:: To do ::
Given the records below, the lines starting at the line with "Twelfth century minuscule" and ending at the line with "Первые танки Abrams" should be output exactly, both end lines kept and pictures left out.

:: Data for this task ::

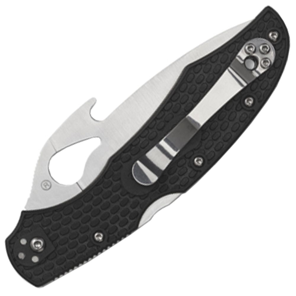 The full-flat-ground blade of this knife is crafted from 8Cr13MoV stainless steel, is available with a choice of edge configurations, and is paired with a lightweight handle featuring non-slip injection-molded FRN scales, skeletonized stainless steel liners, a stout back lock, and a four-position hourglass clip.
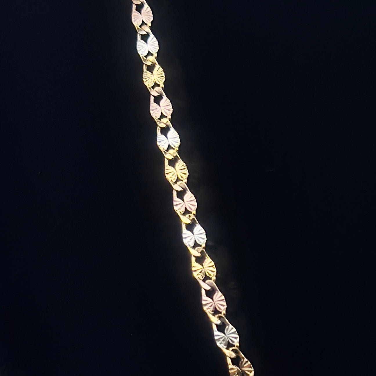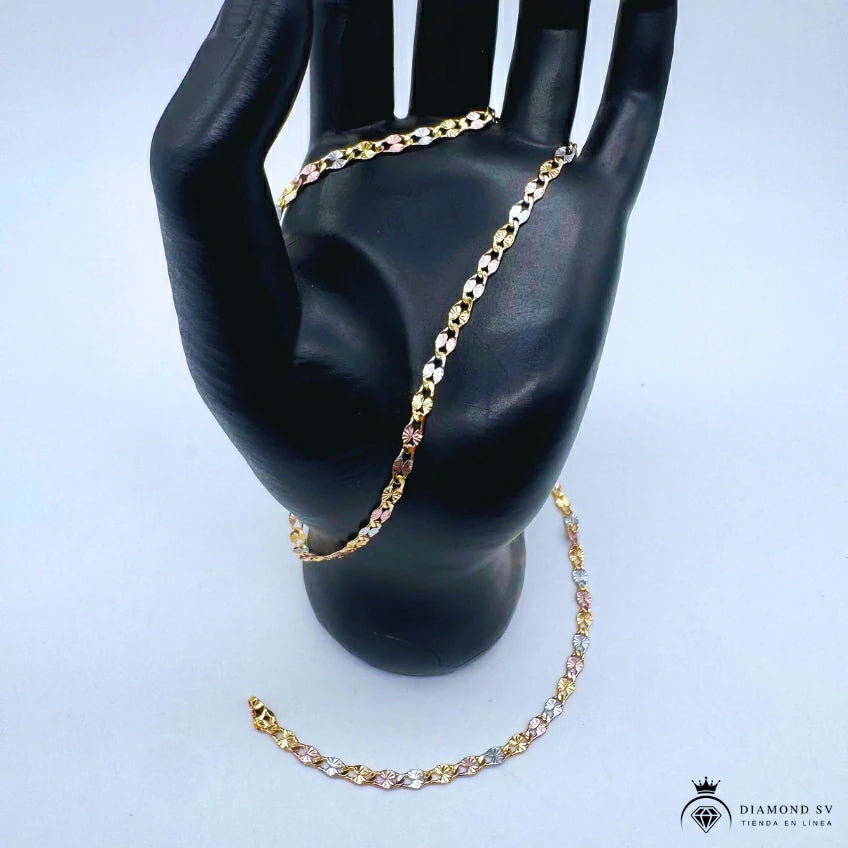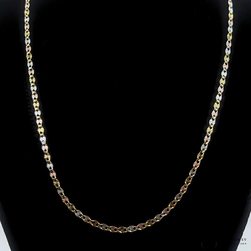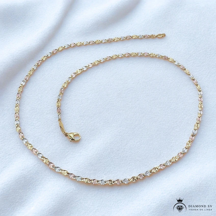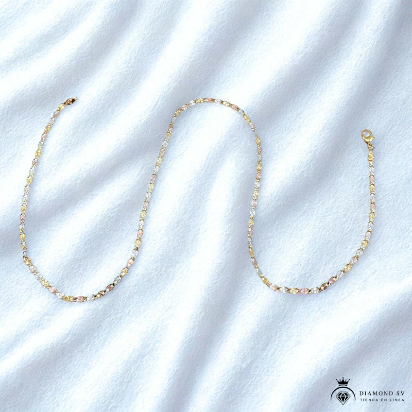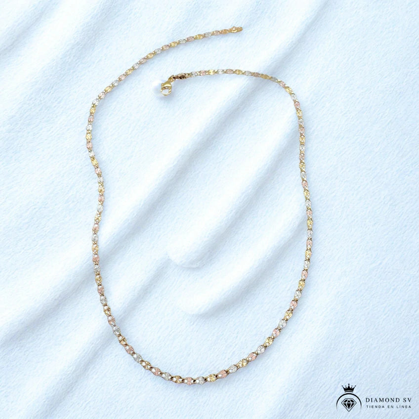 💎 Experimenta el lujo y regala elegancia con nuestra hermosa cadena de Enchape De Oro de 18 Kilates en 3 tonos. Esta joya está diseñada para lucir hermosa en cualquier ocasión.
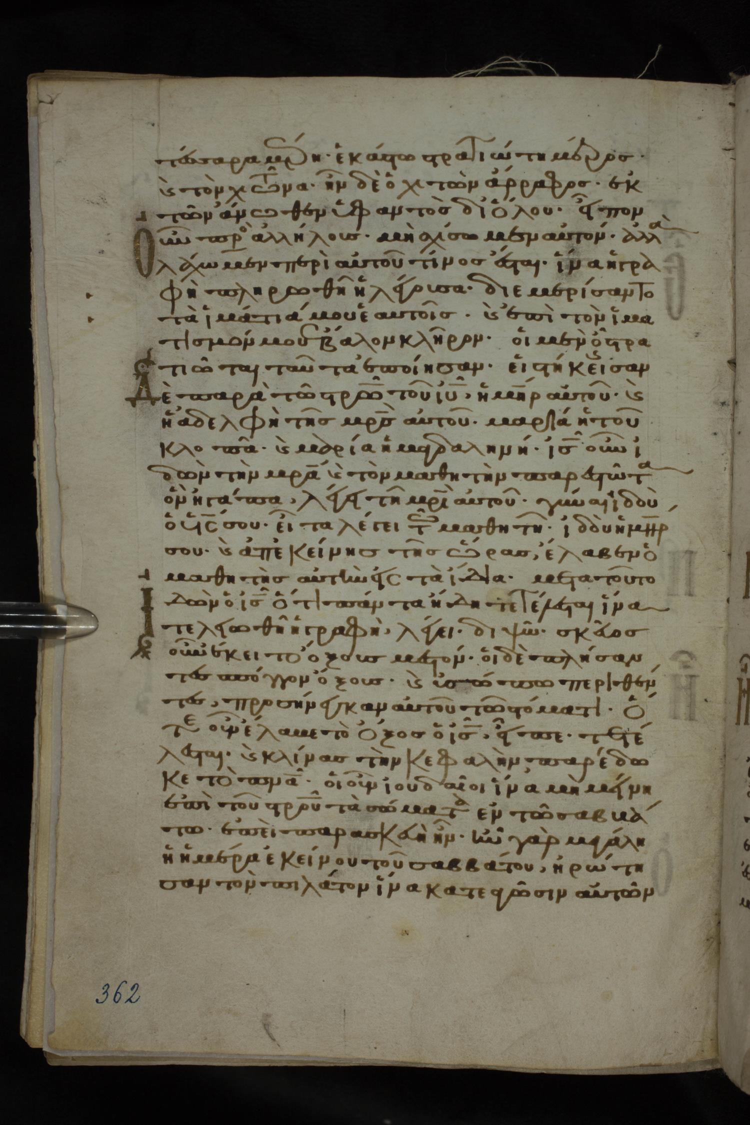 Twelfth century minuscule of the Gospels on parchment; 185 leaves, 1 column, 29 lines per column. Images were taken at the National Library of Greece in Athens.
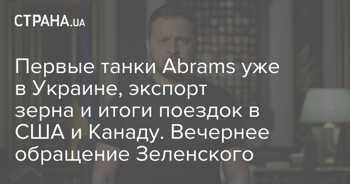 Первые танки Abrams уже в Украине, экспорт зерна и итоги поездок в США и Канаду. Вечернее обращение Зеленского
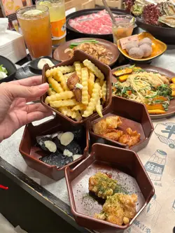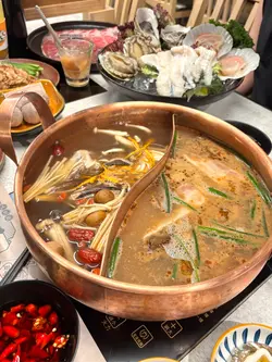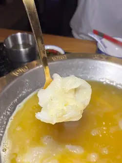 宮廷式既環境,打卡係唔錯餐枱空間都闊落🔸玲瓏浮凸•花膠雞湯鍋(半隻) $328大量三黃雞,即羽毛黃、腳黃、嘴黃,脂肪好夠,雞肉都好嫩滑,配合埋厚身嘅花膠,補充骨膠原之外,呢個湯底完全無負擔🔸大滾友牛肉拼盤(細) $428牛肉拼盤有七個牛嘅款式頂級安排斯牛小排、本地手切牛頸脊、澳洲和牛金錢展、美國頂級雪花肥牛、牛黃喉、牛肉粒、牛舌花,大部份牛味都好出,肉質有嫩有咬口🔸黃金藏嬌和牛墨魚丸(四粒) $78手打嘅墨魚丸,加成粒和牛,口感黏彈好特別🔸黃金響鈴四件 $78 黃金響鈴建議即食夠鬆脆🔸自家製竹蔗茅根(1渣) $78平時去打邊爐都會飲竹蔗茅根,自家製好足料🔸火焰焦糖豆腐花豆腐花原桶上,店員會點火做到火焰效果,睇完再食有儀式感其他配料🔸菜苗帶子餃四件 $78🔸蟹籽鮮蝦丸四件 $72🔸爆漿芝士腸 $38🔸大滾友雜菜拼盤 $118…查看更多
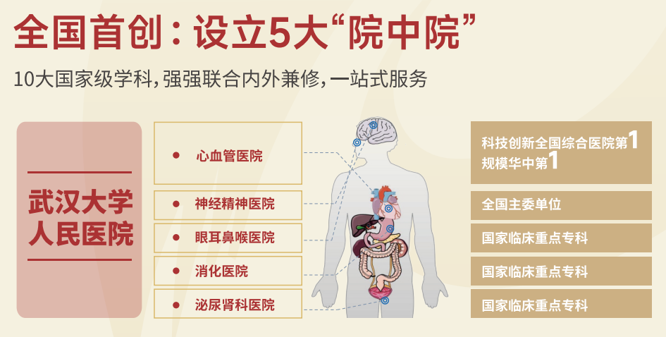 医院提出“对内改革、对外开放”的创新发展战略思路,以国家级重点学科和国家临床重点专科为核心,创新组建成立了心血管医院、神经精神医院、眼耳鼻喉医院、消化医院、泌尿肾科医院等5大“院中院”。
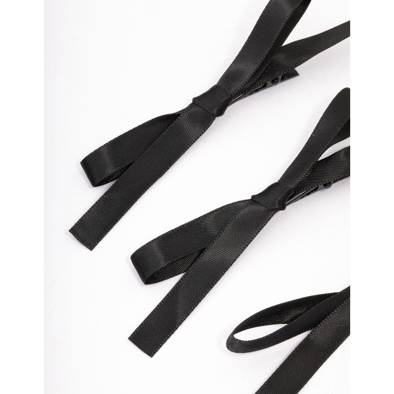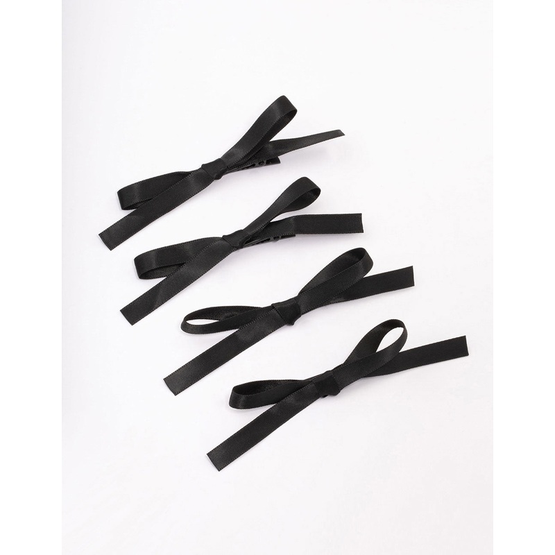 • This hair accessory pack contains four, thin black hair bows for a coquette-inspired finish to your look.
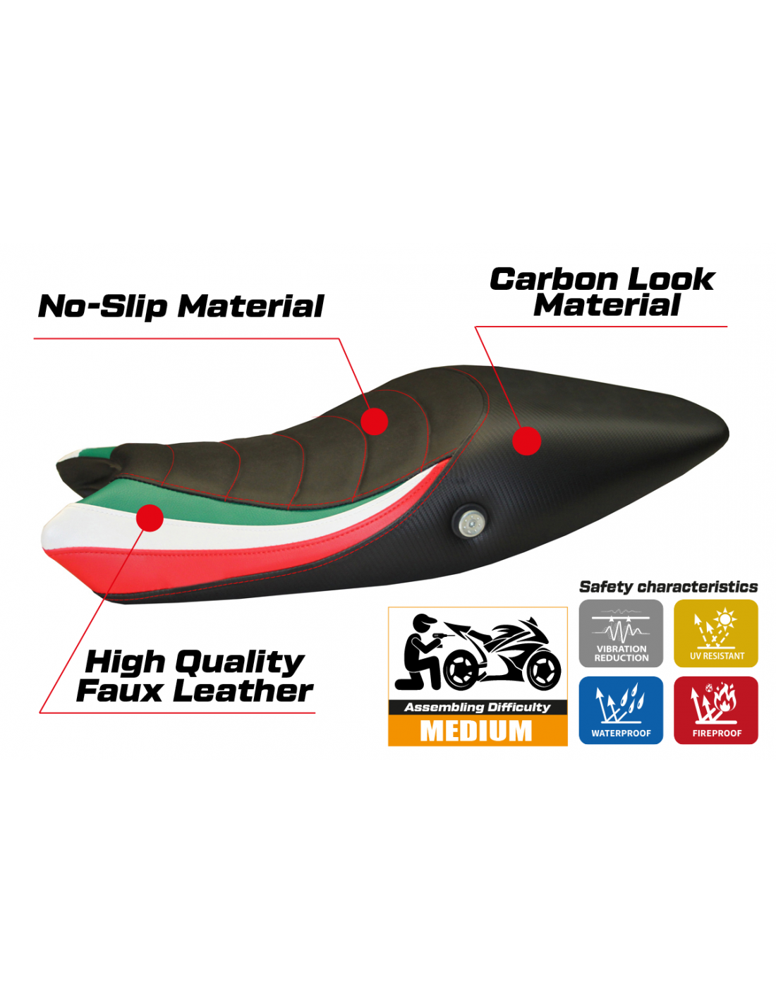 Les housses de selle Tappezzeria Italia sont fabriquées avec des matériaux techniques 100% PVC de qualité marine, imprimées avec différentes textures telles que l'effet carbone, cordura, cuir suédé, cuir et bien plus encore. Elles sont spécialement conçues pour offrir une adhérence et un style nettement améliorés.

:: Expected answer ::
 Twelfth century minuscule of the Gospels on parchment; 185 leaves, 1 column, 29 lines per column. Images were taken at the National Library of Greece in Athens.
 Первые танки Abrams уже в Украине, экспорт зерна и итоги поездок в США и Канаду. Вечернее обращение Зеленского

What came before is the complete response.